• **TASK ITEM**
Go through the listing below and retype exactly the lines starting at the one with "穿着大衣的女孩在雪地上和北极熊拥抱" and ending at the one with "Ever feel like", skipping pictures.

• **GIVEN RECORDS**
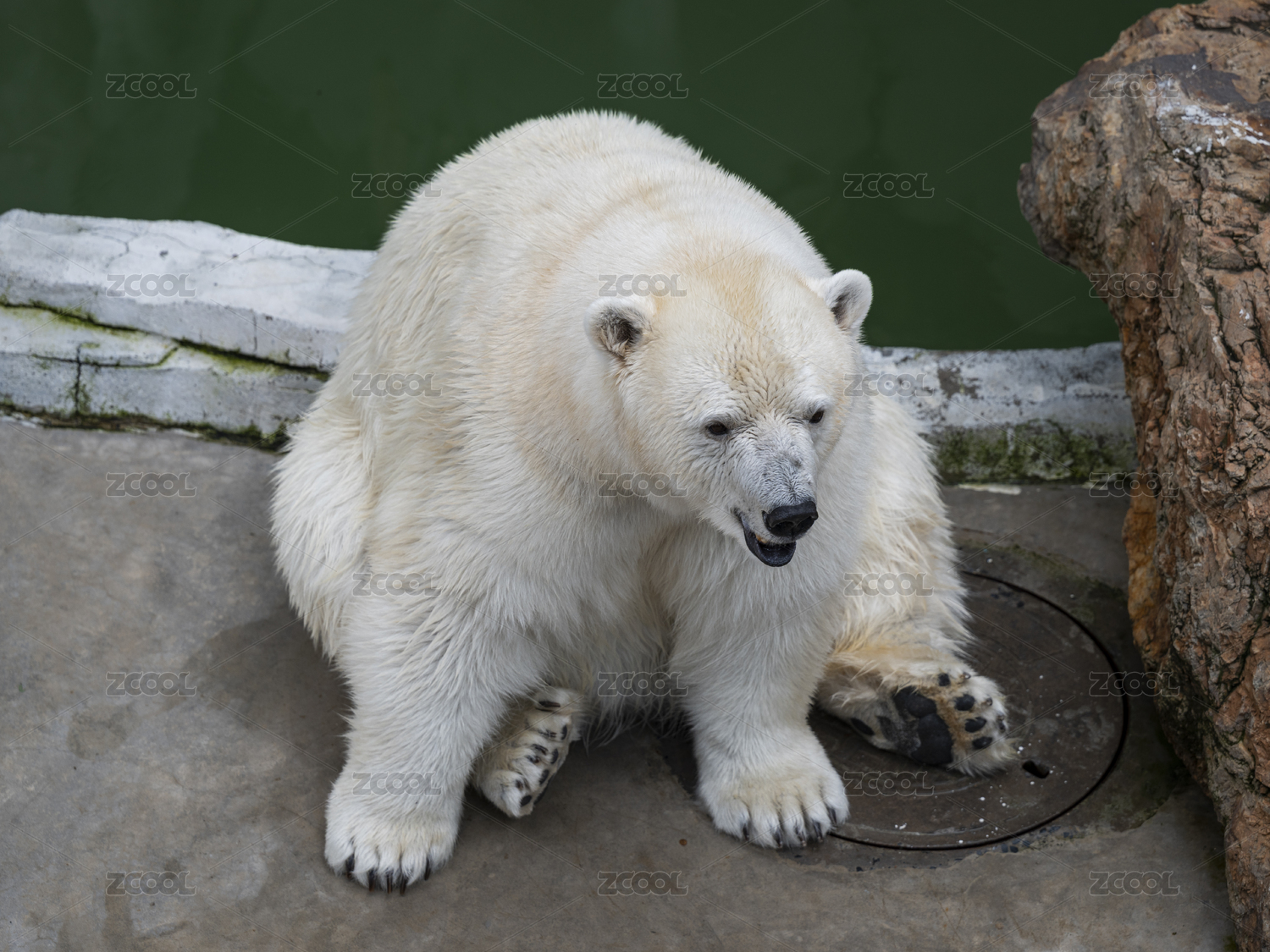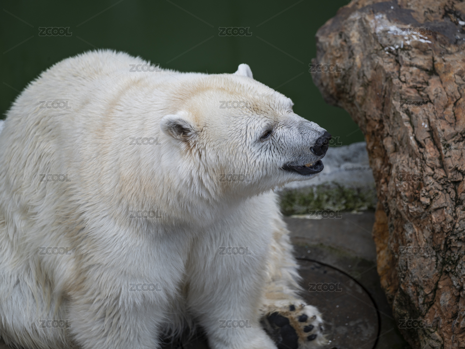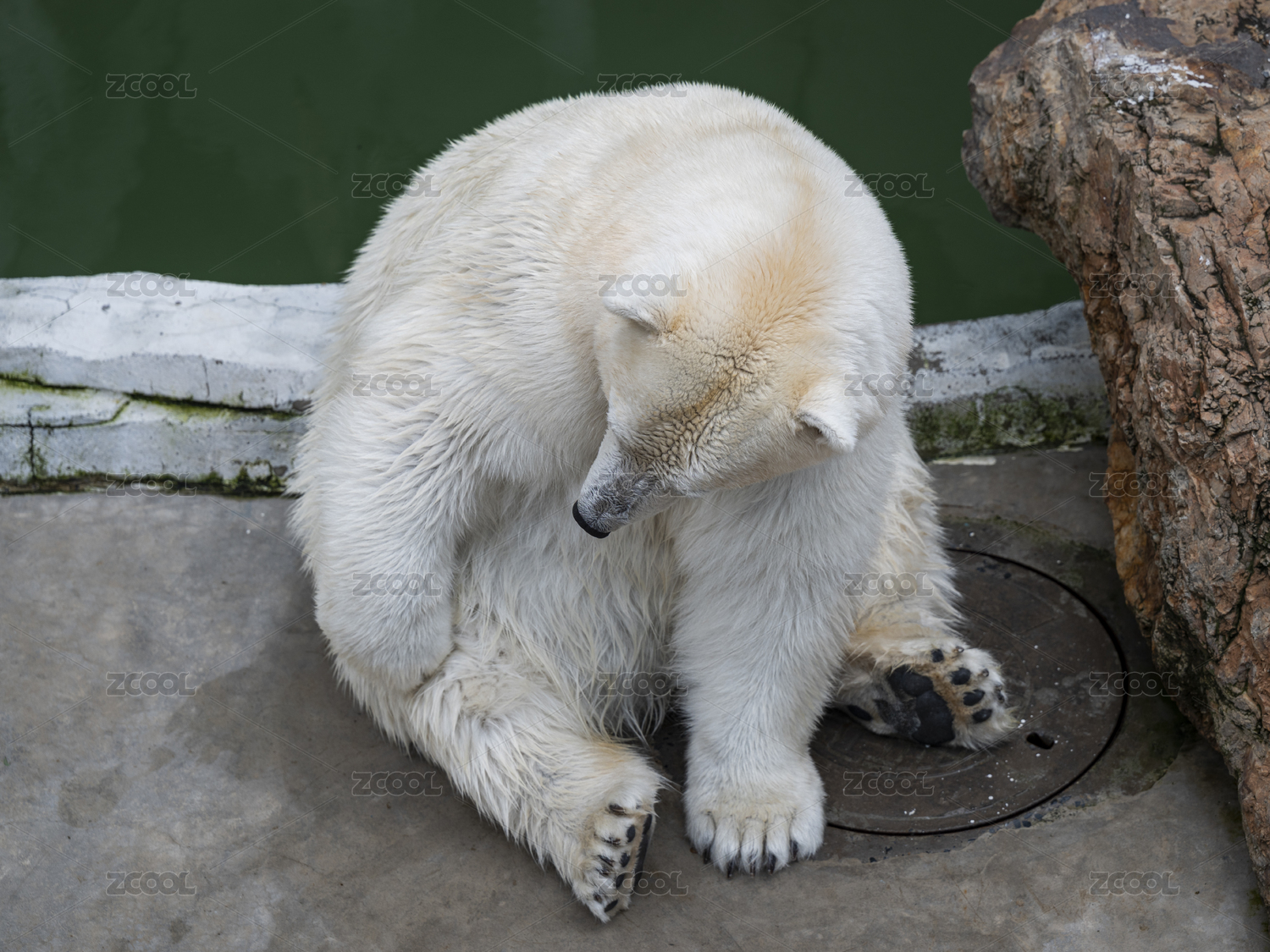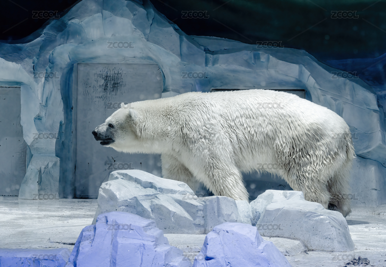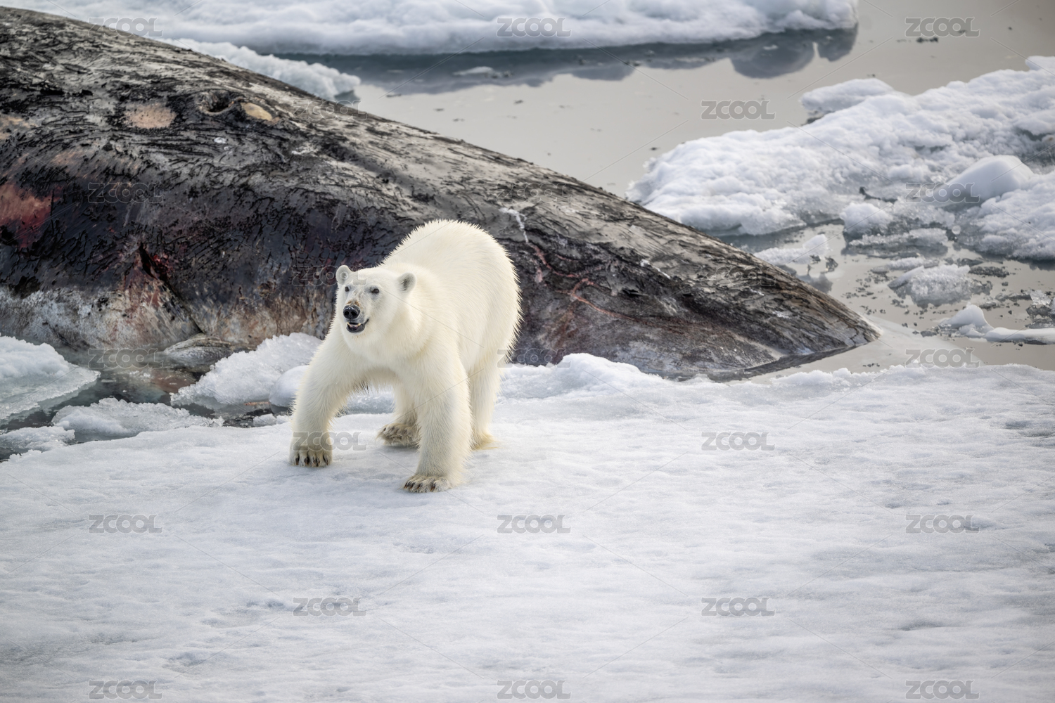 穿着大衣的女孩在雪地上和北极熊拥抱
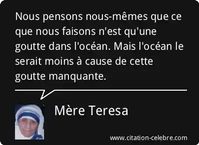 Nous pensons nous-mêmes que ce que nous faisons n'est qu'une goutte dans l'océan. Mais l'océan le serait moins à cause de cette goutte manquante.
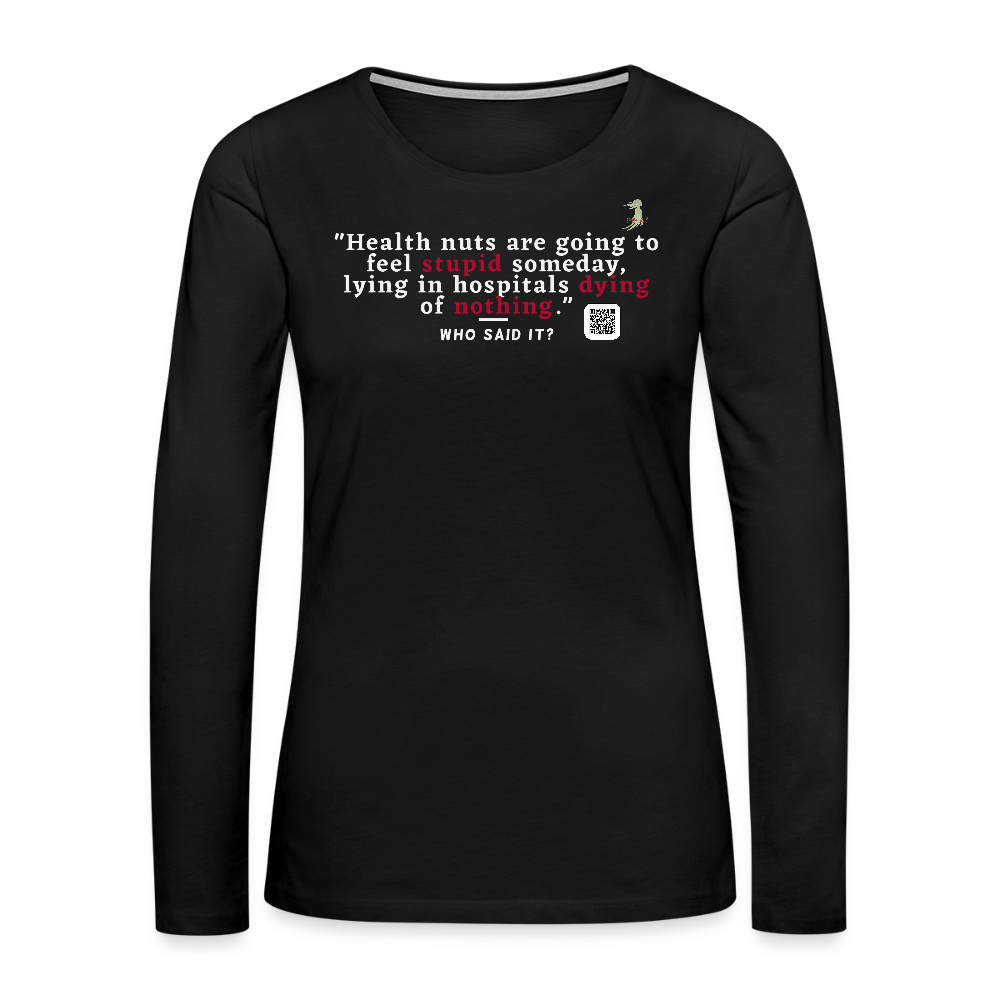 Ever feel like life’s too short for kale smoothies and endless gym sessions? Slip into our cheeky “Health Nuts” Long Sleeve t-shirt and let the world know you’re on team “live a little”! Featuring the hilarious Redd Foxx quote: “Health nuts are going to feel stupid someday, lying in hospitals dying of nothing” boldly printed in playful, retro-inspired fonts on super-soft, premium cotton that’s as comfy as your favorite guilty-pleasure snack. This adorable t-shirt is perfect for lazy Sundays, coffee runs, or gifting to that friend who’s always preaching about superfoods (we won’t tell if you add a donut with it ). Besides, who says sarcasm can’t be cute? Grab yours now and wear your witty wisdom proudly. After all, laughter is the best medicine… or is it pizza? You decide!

* * *

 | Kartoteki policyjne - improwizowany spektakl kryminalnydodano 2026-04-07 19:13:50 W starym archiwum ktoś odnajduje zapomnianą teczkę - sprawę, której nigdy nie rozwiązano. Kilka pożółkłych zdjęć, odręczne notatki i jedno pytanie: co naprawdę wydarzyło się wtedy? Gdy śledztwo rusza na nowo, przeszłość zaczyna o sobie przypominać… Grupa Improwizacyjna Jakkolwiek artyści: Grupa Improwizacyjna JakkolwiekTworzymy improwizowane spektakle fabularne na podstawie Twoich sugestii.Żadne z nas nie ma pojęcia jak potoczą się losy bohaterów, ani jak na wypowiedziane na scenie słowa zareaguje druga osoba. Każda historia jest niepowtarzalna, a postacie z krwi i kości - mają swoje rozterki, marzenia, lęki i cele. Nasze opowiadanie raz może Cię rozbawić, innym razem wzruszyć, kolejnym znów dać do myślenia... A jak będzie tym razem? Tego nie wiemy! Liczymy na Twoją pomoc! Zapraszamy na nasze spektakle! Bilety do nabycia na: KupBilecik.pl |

• **SOLUTION TO THIS EXERCISE**
 穿着大衣的女孩在雪地上和北极熊拥抱
 Nous pensons nous-mêmes que ce que nous faisons n'est qu'une goutte dans l'océan. Mais l'océan le serait moins à cause de cette goutte manquante.
 Ever feel like life’s too short for kale smoothies and endless gym sessions? Slip into our cheeky “Health Nuts” Long Sleeve t-shirt and let the world know you’re on team “live a little”! Featuring the hilarious Redd Foxx quote: “Health nuts are going to feel stupid someday, lying in hospitals dying of nothing” boldly printed in playful, retro-inspired fonts on super-soft, premium cotton that’s as comfy as your favorite guilty-pleasure snack. This adorable t-shirt is perfect for lazy Sundays, coffee runs, or gifting to that friend who’s always preaching about superfoods (we won’t tell if you add a donut with it ). Besides, who says sarcasm can’t be cute? Grab yours now and wear your witty wisdom proudly. After all, laughter is the best medicine… or is it pizza? You decide!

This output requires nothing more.